Me: I think I will. Mike is going to want to ride early in the morning when it’s still freezing and I have no desire for that silliness.
Okay. I’ll probably go either way. I can always do a solo TT. 14 is the lowest I can go without falling over.
Me: I’ll see you there. Worst case we ride together and have a good laugh. Oh, I guarantee you can get down to 2-mph. Brutus Road up north. I kid you not. Brutus Road, that’s the freaking name. Mike shut his Garmin down cuz he was going too slow and I passed Phill going 2-mph.
Chuck, Mike, Phill and I were up north (we call the upper lower peninsula “up north” in Michigan. The UP is the upper peninsula of Michigan) for Mountain Mayhem: Beat the Heat Edition. My wife was along for the trip but she didn’t ride. The course featured, as the name would imply, an exceptional amount of climbing, especially for a bunch of down-state flatlanders – about 80-ish’ of up per mile averaged out over the 100 mile ride, and a good deal of it was at the end of the ride.
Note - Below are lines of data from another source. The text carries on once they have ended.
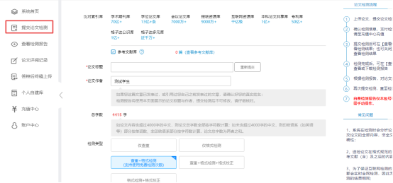 5.因为系统具备应届互抄检测功能,所以请不要替他人上传论文文档检测,否则会导致本人论文与他人论文检测到相似;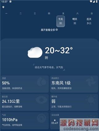 3、还有每日天气详细情况,包括温度、湿度、紫外线、风力等信息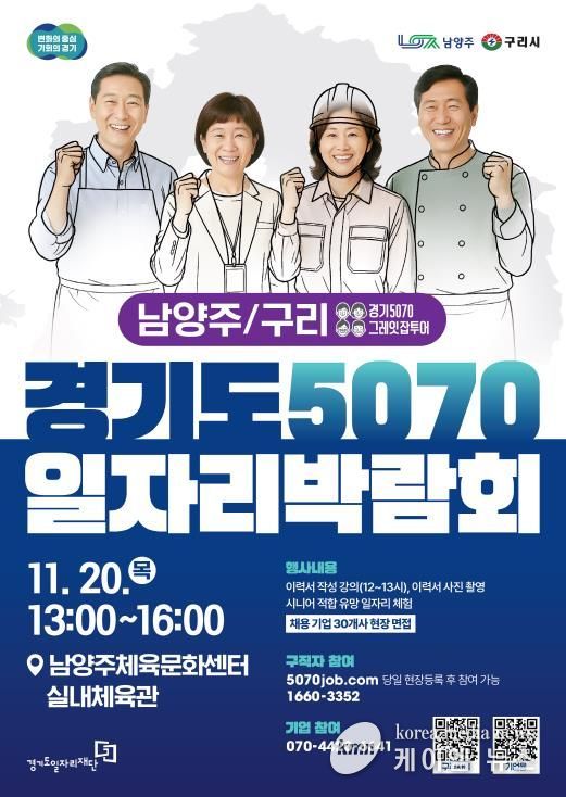 (케이엠뉴스) 경기도와 경기도일자리재단이 11월 20일 남양주체육문화센터에서 ‘경기도 5070 일자리박람회 in 남양주+구리’를 개최한다.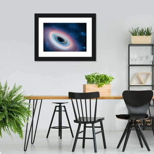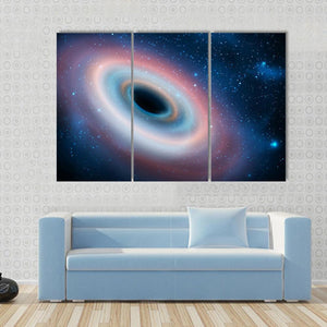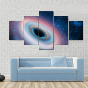 This abstract canvas portrays a captivating black hole surrounded by a galaxy of vibrant colors. Its mysterious and awe-inspiring design invites curiosity and wonder, making it a striking addition to any modern decor.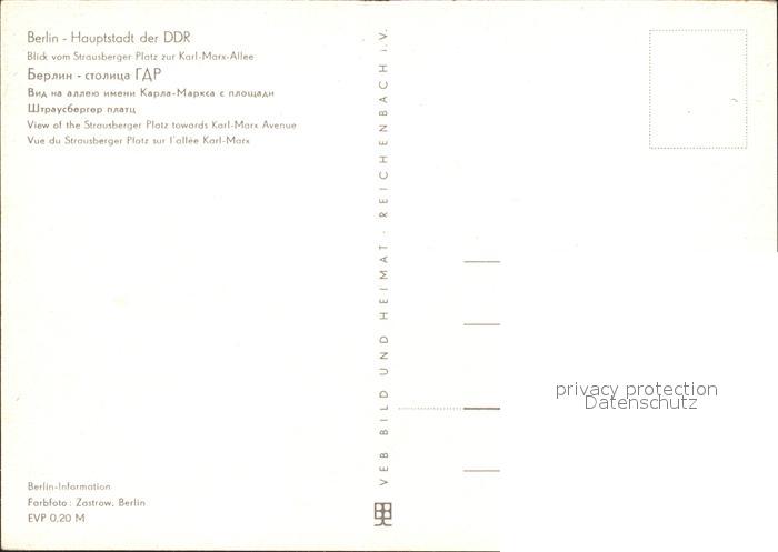 72157362 BERLIN CITY Blick vom Strausberger Platz zur Karl Marx Allee postalisch nicht gelaufen Erhaltung siehe scans KatCode: 11110011000000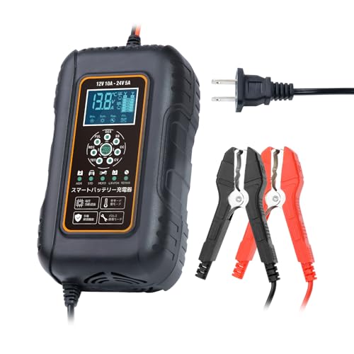 というわけで買ったのがLVYUAN(リョクエン)という謎中華メーカーのバッテリー充電器。12V/24Vのバッテリーに対応し、最大出力電流は10A。個人的な経験値として10A~15Aぐらいの電流があると普通車の充電はいい具合のスピード感でできるので、これぐらいを選びたい。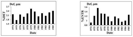 RQA analysis of deformation %DET and Boltzmann entropy (BE) for the initial period 1974–1985.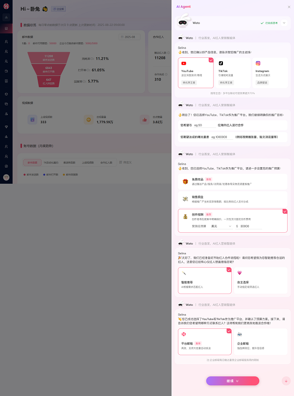 杭州卧兔收集科技无限公司是一家专为品牌出海赋能的企业,选渠道(YouTube/TikTok/Instagram)、定方针(达人数量/方针/预算布局)、广建联(智能保举or自从选择、平台邮箱or企业邮箱)——此次的WotoHub 6.0,颠末九年行业沉淀,仍是组合模式,以至只是产物环节词——AI小兔就能3秒解析所相关键消息!零丁设置前提,邮件进入工做流所以,AI小兔都基于市场行情和用户的预算智能保举,WotoHub摒弃行业内炒做AI概念的噱头,到推进施行——全从动搞定!好比输入TikTok美区热卖的护肤品链接,锁定优良达人!合做总GMV破百亿。且取华为、Shein等正在内的28家BrandZ中国出海品牌50强企业进行深度合做,实正实现“人机共生”,完全海外红人营销的弄法!WotoHub AI小兔从接需求、生成策略,非论是纯佣金合做、样批评测、固定酬劳,而是替用户完成整个流程,笼盖150多个国度、200多个语种。处置海外红人营销反复、琐碎、尺度化的工做;让红人内容创做不减配、更贴合品牌调性。完成焦点的功能改革,成长为理解方针、具备施行能力的“伙伴”!正在持久手艺取办事双驱动的下,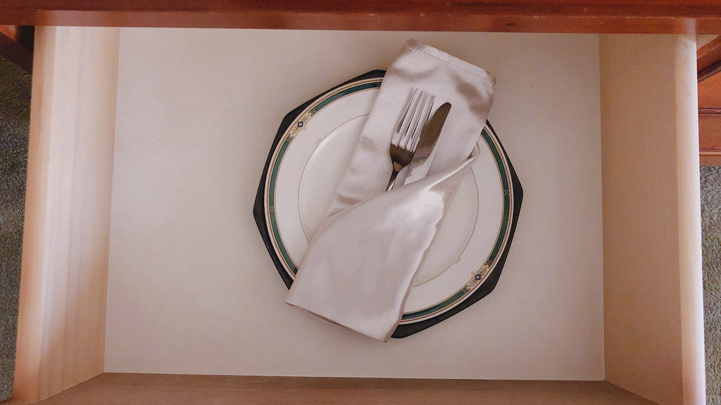 每次住飯店,兩隻寶就會開始到處找機關、找抽屜,看看有什麼新發現~ 電視櫃下方抽屜有一組餐具呢!晚上我們點了鹹酥雞剛好派上用場啦>///< 但通常都是拿來切迎賓水果的啦哈哈

Including the climb I’m about to describe which, if memory serves, was right around 80 miles in.
We were riding along on a mercifully flat stretch when Chuck’s Garmin alerted him we were approaching a turn in a tenth of a mile. The sign read, as we approached, Brutus Road. Now, imagine yourself 80 miles into a hundo called “Mountain Mayhem” and you see “Brutus Road”. Imagine the joy when you look up, literally, and see the hill only looks to be a few hundred yards long. You get down into the granny gear and start up the 18%er. Just as you’re nearing the top and about to breathe a sigh of relief, you see the false crest. The hill keeps going, just at a shallower 12% pitch so it only looked like you were near the top. It’s at this point you and your friends realize you weren’t prepared for this. You were damn-near out of breath just from the initial climb let alone the rest of the monster you still had left to conquer.
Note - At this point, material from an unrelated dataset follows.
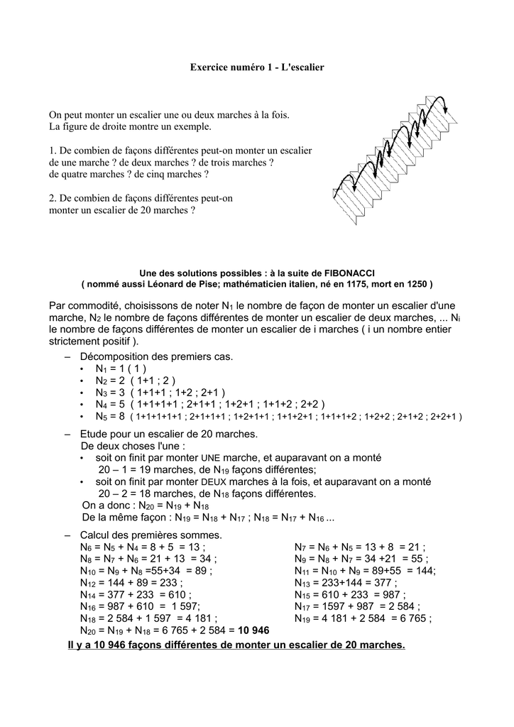 Exercice numéro 1 - L'escalier On peut monter un escalier une ou deux marches à la fois. La figure de droite montre un exemple. 1. De combien de façons différentes peut-on monter un escalier de une marche ? de deux marches ? de trois marches ? de quatre marches ? de cinq marches ? 2. De combien de façons différentes peut-on monter un escalier de 20 marches ? Une des solutions possibles : à la suite de FIBONACCI ( nommé aussi Léonard de Pise; mathématicien italien, né en 1175, mort en 1250 ) Par commodité, choisissons de noter N1 le nombre de façon de monter un escalier d'une marche, N2 le nombre de façons différentes de monter un escalier de deux marches, ... Ni le nombre de façons différentes de monter un escalier de i marches ( i un nombre entier strictement positif ). – Décomposition des premiers cas. • N1 = 1 ( 1 ) • N2 = 2 ( 1+1 ; 2 ) • N3 = 3 ( 1+1+1 ; 1+2 ; 2+1 ) • N4 = 5 ( 1+1+1+1 ; 2+1+1 ; 1+2+1 ; 1+1+2 ; 2+2 ) • N5 = 8 ( 1+1+1+1+1 ; 2+1+1+1 ; 1+2+1+1 ; 1+1+2+1 ; 1+1+1+2 ; 1+2+2 ; 2+1+2 ; 2+2+1 ) – Etude pour un escalier de 20 marches. De deux choses l'une : • soit on finit par monter UNE marche, et auparavant on a monté 20 – 1 = 19 marches, de N19 façons différentes; • soit on finit par monter DEUX marches à la fois, et auparavant on a monté 20 – 2 = 18 marches, de N18 façons différentes. On a donc : N20 = N19 + N18 De la même façon : N19 = N18 + N17 ; N18 = N17 + N16 ... – Calcul des premières sommes. N6 = N5 + N4 = 8 + 5 = 13 ; N7 = N6 + N5 = 13 + 8 = 21 ; N8 = N7 + N6 = 21 + 13 = 34 ; N9 = N8 + N7 = 34 +21 = 55 ; N10 = N9 + N8 =55+34 = 89 ; N11 = N10 + N9 = 89+55 = 144; N12 = 144 + 89 = 233 ; N13 = 233+144 = 377 ; N14 = 377 + 233 = 610 ; N15 = 610 + 233 = 987 ; N16 = 987 + 610 = 1 597; N17 = 1597 + 987 = 2 584 ; N18 = 2 584 + 1 597 = 4 181 ; N19 = 4 181 + 2 584 = 6 765 ; N20 = N19 + N18 = 6 765 + 2 584 = 10 946 Il y a 10 946 façons différentes de monter un escalier de 20 marches. Exercice numéro deux - Découpages et assemblage Le but du problème est la décomposition de certains triangles en deux triangles isocèles. L'usage des instruments traditionnels ( équerre, règle graduée, compas, rapporteur ) est autorisé et sans doute nécessaire. Il est rappelé que les problèmes de construction appellent une argumentation rédigée. 1. On considère un triangle rectangle ABC. Décomposer ce triangle en deux triangles isocèles. 2. a. On considère un triangle DEF. L'angle de sommet E mesure 35 degrés et l'angle de sommet F mesure 70 degrés. Décomposer ce triangle en deux triangles isocèles. b. Construire un triangle GHI différent des deux précédents tel que l'on puisse le décomposer en deux triangles isocèles. 3. On considère un triangle KLM isocèle et rectangle à la base de mesure x. Comment lui accoler un autre triangle isocèle afin d'obtenir un nouveau triangle isocèle ? Une des solutions possibles . 1. Soit un triangle rectangle. La médiane issue du sommet de l'angle droit a pour longueur la moitié de la longueur de l'hypoténuse. Nous décomposons ainsi facilement un triangle rectangle en deux triangles isocèles. 2. a. Soit un triangle DEF tel que DEF=35 ° et DFE=70 ° . Calculons une mesure du troisième angle : la somme des mesures des angles d'un triangle est égale à 180°, donc EDF=180− DEF DFE EDF=180−3570 EDF=75 ° Nous remarquons qu'en décomposant cet angle en un angle de 35° et un angle de 40°, nous obtenons deux triangles isocèles. En effet, – l'un aura deux angles de 35°, – l'autre aura un angle de 70°, un autre de 40° et le troisième de 180 – ( 70 + 40 ) = 70°. 2. b. Pour varier, cherchons à obtenir une décomposition semblable à l'illustration de l'énoncé. Construisons un premier triangle GHJ isocèle en G. Traçons ensuite le cercle de centre J et de rayon [ JH ]. Il coupe la demi-droite [ GJ ) en I. Les triangles GHJ ( isocèle en G ), et HIJ ( isocèle en J ), composent le triangle GHI. La décomposition ( un côté accolé à une base ) , est différente du cas 1 ( un côté commun et le même sommet ) et du cas 2. a. ( un côté commun mais des sommets différents ). 3. Nous pouvons chercher les différents assemblages possibles, en considérant un triangle KLM isocèle en K : assemblage côté - côté ( fig. 1 ; 4 ; 7 ) ; assemblage base du triangle 1 - côté du triangle 2 ( fig. 2 et 3 ) ; assemblage côté du triangle 1 - base du triangle 2 ( fig. 5 et 6 ) ; assemblage base - base ( pas de solution ) fig. 1 fig. 2 fig. 3 fig. 4 fig. 5 fig. 6 fig. 7 Etude. Nous cherchons à obtenir un triangle isocèle en accolant un triangle isocèle à un triangle KLM isocèle en K, d'angle à la base de mesure x ( en ° ), avec 0 x90 . – Cherchons d'abord à prolonger la base : KMN : • en accolant l'angle au sommet MNK= 180−KMN = 180−180− x = x . alors KML KMN=180° , et MKN= 2 2 2 3x x LKN= LKM MKN=180−2 x =180− D'où . 2 2 Les mesures des angles du triangle KLN sont donc 3x x ; KLN= x ; KNL= LKN=180− . 2 2 Le triangle KLN est isocèle si : x x= – , c'est-à-dire x = 0 : exclu ; 2 3x 5x =180 ; 5 x=360 ; x=72 ( fig.1 ) ; – ou x=180− , c'est-à-dire 2 2 3x 4x x =180− =180 ; 4 x=360 ; x=90 : exclu. – ou , c'est-à-dire 2 2 2 • KMN : en accolant un angle à la base alors KMLKMN=180 ; KMN=180− KML=180−x , et l'angle au sommet du triangle KMN mesure 180−2 KMN=180−2180− x=180−3602 x=2 x−180 : impossible avec 0 x90 . – Cherchons ensuite à prolonger l'un des côtés ( il revient au même de choisir [KM] ou [KN] ; nous choisissons ici [KM] ) • du côté de la base [LM] LMN : – par l'angle au sommet 180− LMN 180−180−x x LMN=180 MLN= MNL= = = . alors KML ° , et 2 2 2 Les mesures des angles du triangle KLN sont donc x 3x x LKN=180−2 x ; KLN= KLM MLN=x = ; KNL= . 2 2 2 Le triangle KLN est isocèle si : 3x 7x 360 180−2 x= ; x= – , c'est-à-dire 180= ( fig. 2 ) ; 2 2 7 x 5x ; 5 x=360 ; x=72 ( fig. 3 ) ; – ou 180−2 x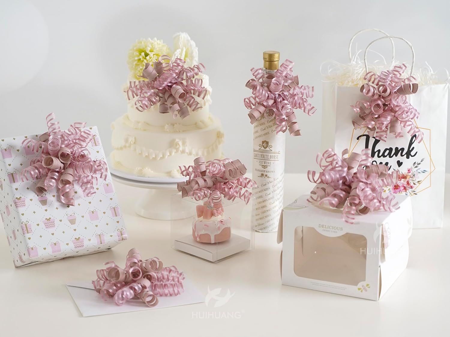 • SIZE & PACK: Each package contains 8 pcs dusty rose curly bows, and made from 12 strands of 3/8" wide grosgrain and sheer satin ribbon that adds a airy, elegance and luxurious feel to any gift or decoration. Bows measures 5"~5.5" wide

Mike’s Garmin was set to shut off for anything below 1.5-mph (something like 2.25 km/h). It beeped at him to let him know he’d stopped. On the way up a hill. I gritted my teeth and steeled my nerves and pushed the pedals. I passed Mike as his Garmin beeped and started reeling Phill in. As I pulled even, I could see 1.5 mph on his computer. Mine said 2. The lactic acid was threatening to seize my leg muscles up but I pushed for the summit. Chuck, a mountain goat in his own right, was far enough ahead I wasn’t going to catch him. Just as I saw the end, I realized that 10%er didn’t end. It just eased to 5%.
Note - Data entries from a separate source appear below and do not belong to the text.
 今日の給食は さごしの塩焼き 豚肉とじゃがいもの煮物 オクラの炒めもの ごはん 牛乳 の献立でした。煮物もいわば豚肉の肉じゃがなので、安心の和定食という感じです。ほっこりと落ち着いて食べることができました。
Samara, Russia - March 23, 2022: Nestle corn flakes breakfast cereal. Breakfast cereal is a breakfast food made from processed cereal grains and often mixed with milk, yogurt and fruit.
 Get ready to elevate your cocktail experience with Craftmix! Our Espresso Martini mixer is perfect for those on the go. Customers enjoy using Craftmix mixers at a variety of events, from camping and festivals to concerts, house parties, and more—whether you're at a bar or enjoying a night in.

Thankfully, however, 5% after what we’d been through, felt like a gift. The hill stretched on for another quarter-mile before we finally hit a bit of a downhill. There was no descent after, we’d climbed out of a valley.
And we laughed about Mike’s Garmin shutting off and Phill seeing just how slow he could go without falling over all the way to the last rest stop. After we caught our breath.
And so was Brutus Road. Forever cemented in my memory.